The interdict was granted on the basis that the employees' conduct was unlawful under certain pieces of employment legislation, since SATAWU wanted to bypass the specialised dispute resolution mechanisms. The matter proceeded on appeal to the Labour Appeal Court in SATAWU v ADTSecurity (Pty) Ltd [2011] 9 BLLR 869 (LAC). However, the application was not heard by the LAC on the basis that the appeal had by that time become moot.
Some-time later, however, the Labour Court had occasion to consider the same argument, this time against the National Security and Unqualified Union (NSUU). This time, however, the dispute was more focused and related only to organisational rights. NSUU was not getting any joy from ADT to get organisational rights. Frustrated with the CCMA processes, it similarly obtained authorisation under the RGA to march to ADT head office in Cape Town and hand over a memorandum. However, this time, ADT was not successful as Steenkamp J in ADT v National Security & Unqualified Union & Others [2014] 11 BLLR 1096 (LAC) dismissed the application for an interdict on the basis that the marchers would be exercising their constitutional right to demonstrate, there was compliance with the RGA and that the march was not in breach of their employment contracts.
On appeal to the LAC the judgment was overturned. The LAC highlighted the importance of the LRA as the point of departure, and the obligation of workers not to circumvent the processes under the LRA. Interestingly, in both ADT matters this is precisely what the unions sought to do - circumvent the LRA (and the Employment Equity Act in the SATAWU matter) to place "pressure" on the employer swiftly and in the public eye.
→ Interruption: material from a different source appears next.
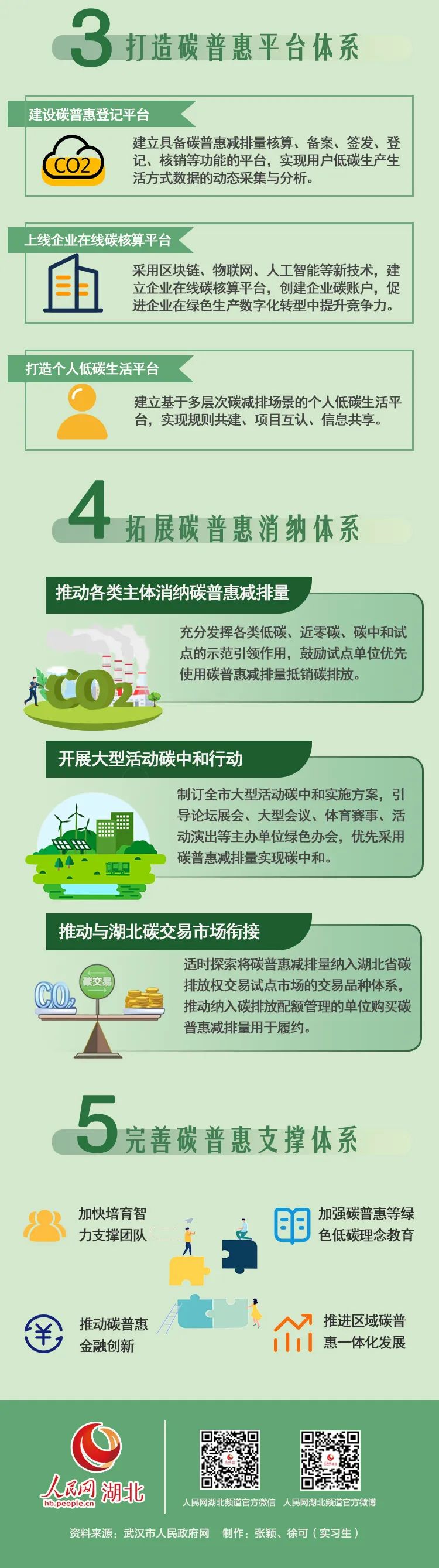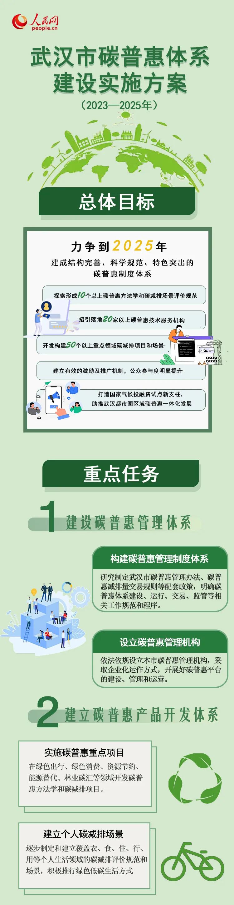 2023年4月,武汉市人民政府办公厅印发《关于武汉市碳普惠体系建设实施方案(2023—2025年)的通知》,计划用3年时间为广大居民谋取“碳权益”。武汉组建了全国首家专业运营碳普惠的国有企业——武汉碳普惠管理有限公司,于2023年6月上线公众低碳生活平台“武碳江湖”,利用数字化的技术手段和科学的计算方法,全面记录用户在日常生活中的低碳行为轨迹。

Until set aside by the Constitutional Court, the position is that employment related grievances must be processed under the relevant piece of employment legislation and that the RGA is not the default position when seeking to picket and assemble at the workplace.
So, the next time you faced with employees wanting to hand over their memorandum of demands (sanctioned only by the RGA), sit back and reflect: "the lady doth protest too much?"
You may then be surprised to exit the scene with these words: "methinks!"
As published in Without Prejudice in July 2016.